-- Material provided follows --
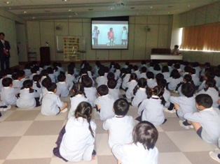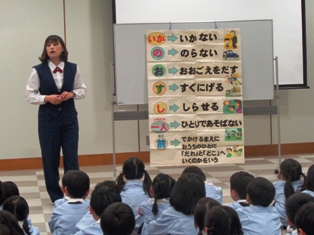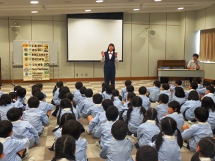 中南和少年サポートセンターの木田様と香芝警察署の浜口様にお越しいただき、不審者からの声かけへの対処法と、連れ去りなどの危険な場面に直面したときの対処法、危険な場面に遭遇しないための注意点、非行防止についてお話しいただきました。児童たちは、真剣な表情で話に耳を傾け、児童たちにとって常日頃の防犯意識を高める良い機会となりました。
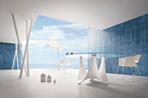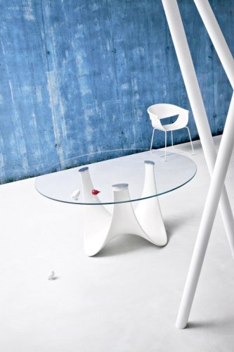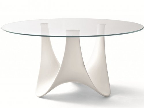 Уличный круглый стол с основанием из стеклопластика и столешницы из экстра-прозрачного закаленного стекла толщиной 12 мм. Основание из формованного стеклопластика напоминает изгибы классической скульптуры, придавая столу сильную идентичность. Подходит для внутренних интерьеров и открытых пространств на свежем воздухе.
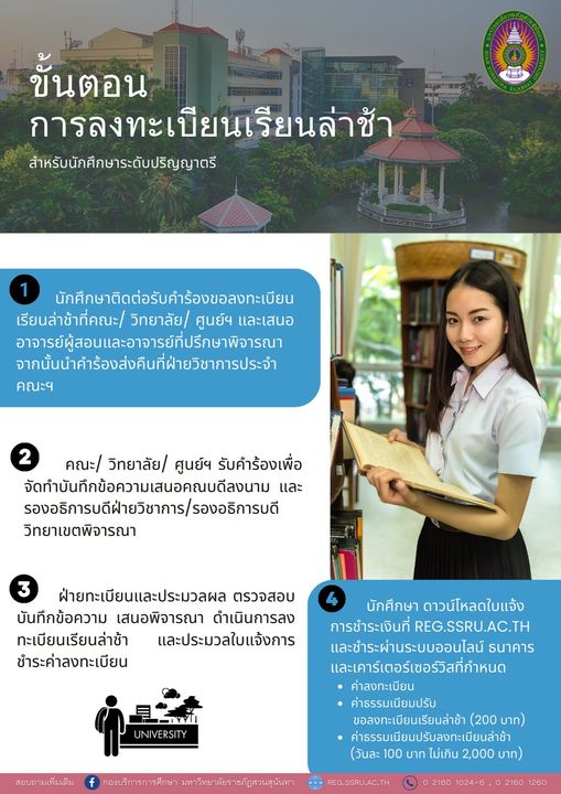 ขั้นตอนการลงทะเบียนเรียนล่าช้า สำหรับนักศึกษาระดับปริญญาตรี
-- Material provided concluded --
• [What needs to be done]
Print the listing exactly, images excluded.

• [Exercise result]
 中南和少年サポートセンターの木田様と香芝警察署の浜口様にお越しいただき、不審者からの声かけへの対処法と、連れ去りなどの危険な場面に直面したときの対処法、危険な場面に遭遇しないための注意点、非行防止についてお話しいただきました。児童たちは、真剣な表情で話に耳を傾け、児童たちにとって常日頃の防犯意識を高める良い機会となりました。
 Уличный круглый стол с основанием из стеклопластика и столешницы из экстра-прозрачного закаленного стекла толщиной 12 мм. Основание из формованного стеклопластика напоминает изгибы классической скульптуры, придавая столу сильную идентичность. Подходит для внутренних интерьеров и открытых пространств на свежем воздухе.
 ขั้นตอนการลงทะเบียนเรียนล่าช้า สำหรับนักศึกษาระดับปริญญาตรี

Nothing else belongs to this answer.